---------- Data provided ----------

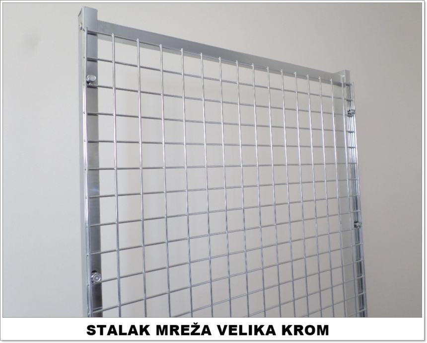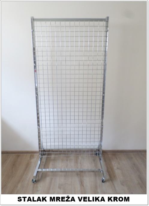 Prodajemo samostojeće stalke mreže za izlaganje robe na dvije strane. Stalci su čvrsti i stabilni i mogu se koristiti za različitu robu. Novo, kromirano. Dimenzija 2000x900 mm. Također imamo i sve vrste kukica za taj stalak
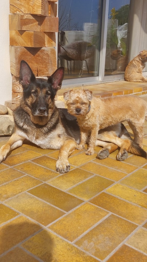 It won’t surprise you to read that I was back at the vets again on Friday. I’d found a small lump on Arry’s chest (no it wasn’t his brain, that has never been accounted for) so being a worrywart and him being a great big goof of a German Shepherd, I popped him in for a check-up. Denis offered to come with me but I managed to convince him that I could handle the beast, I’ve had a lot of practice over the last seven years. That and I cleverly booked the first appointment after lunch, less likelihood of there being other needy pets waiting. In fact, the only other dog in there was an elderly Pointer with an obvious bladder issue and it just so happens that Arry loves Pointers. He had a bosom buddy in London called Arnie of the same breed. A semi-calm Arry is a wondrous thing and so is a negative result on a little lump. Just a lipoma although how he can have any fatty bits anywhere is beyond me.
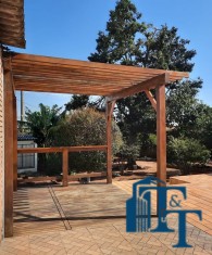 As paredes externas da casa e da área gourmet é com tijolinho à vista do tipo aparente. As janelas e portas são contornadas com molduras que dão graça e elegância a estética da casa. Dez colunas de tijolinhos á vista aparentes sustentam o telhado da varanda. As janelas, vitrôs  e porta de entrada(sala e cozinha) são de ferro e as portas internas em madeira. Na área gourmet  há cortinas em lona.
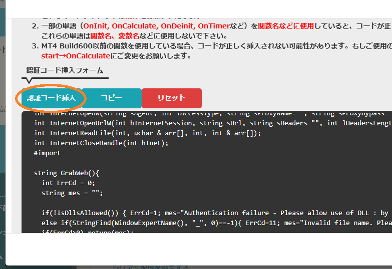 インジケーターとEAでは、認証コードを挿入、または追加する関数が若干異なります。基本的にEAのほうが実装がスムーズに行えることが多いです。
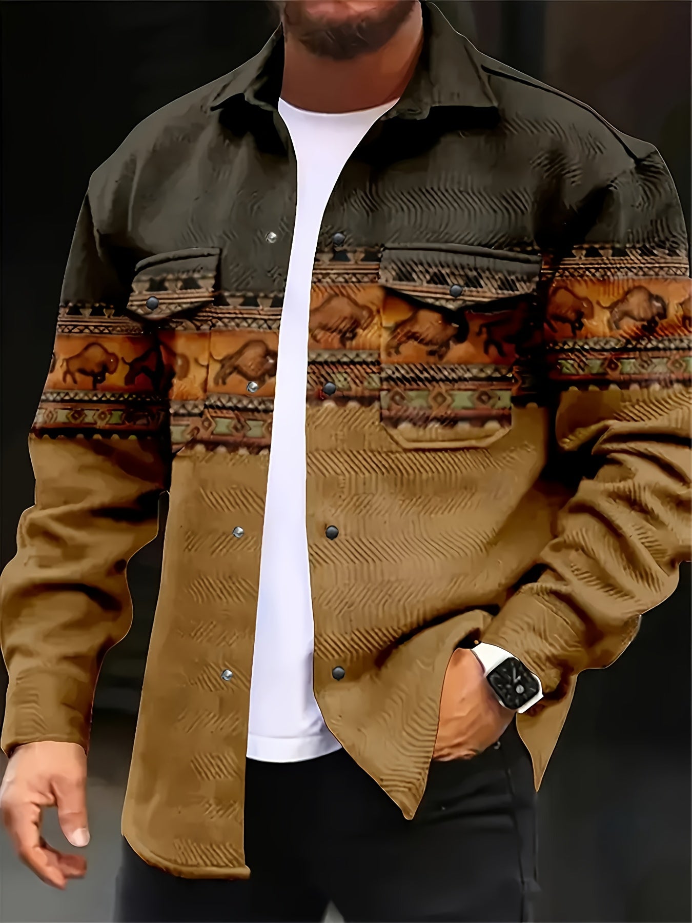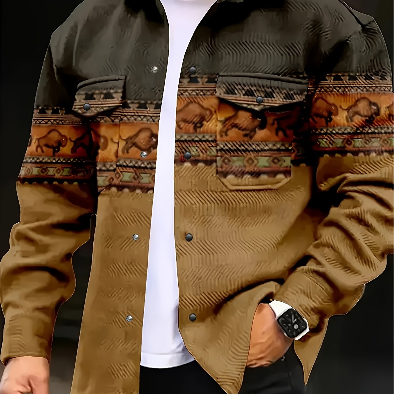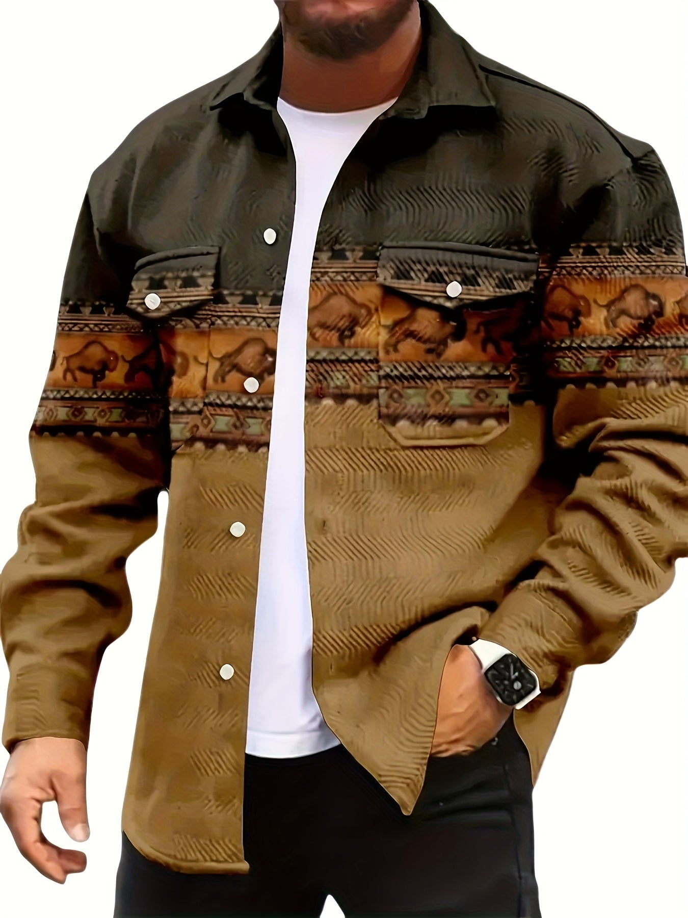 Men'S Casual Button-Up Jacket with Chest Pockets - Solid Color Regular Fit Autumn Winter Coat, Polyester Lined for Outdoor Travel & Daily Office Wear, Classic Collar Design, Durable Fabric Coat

----------

Give again, word for word, the lines from the one containing "インジケーターとEAでは、認" through the last line of the entries, with pictures omitted and nothing added.

 インジケーターとEAでは、認証コードを挿入、または追加する関数が若干異なります。基本的にEAのほうが実装がスムーズに行えることが多いです。
 Men'S Casual Button-Up Jacket with Chest Pockets - Solid Color Regular Fit Autumn Winter Coat, Polyester Lined for Outdoor Travel & Daily Office Wear, Classic Collar Design, Durable Fabric Coat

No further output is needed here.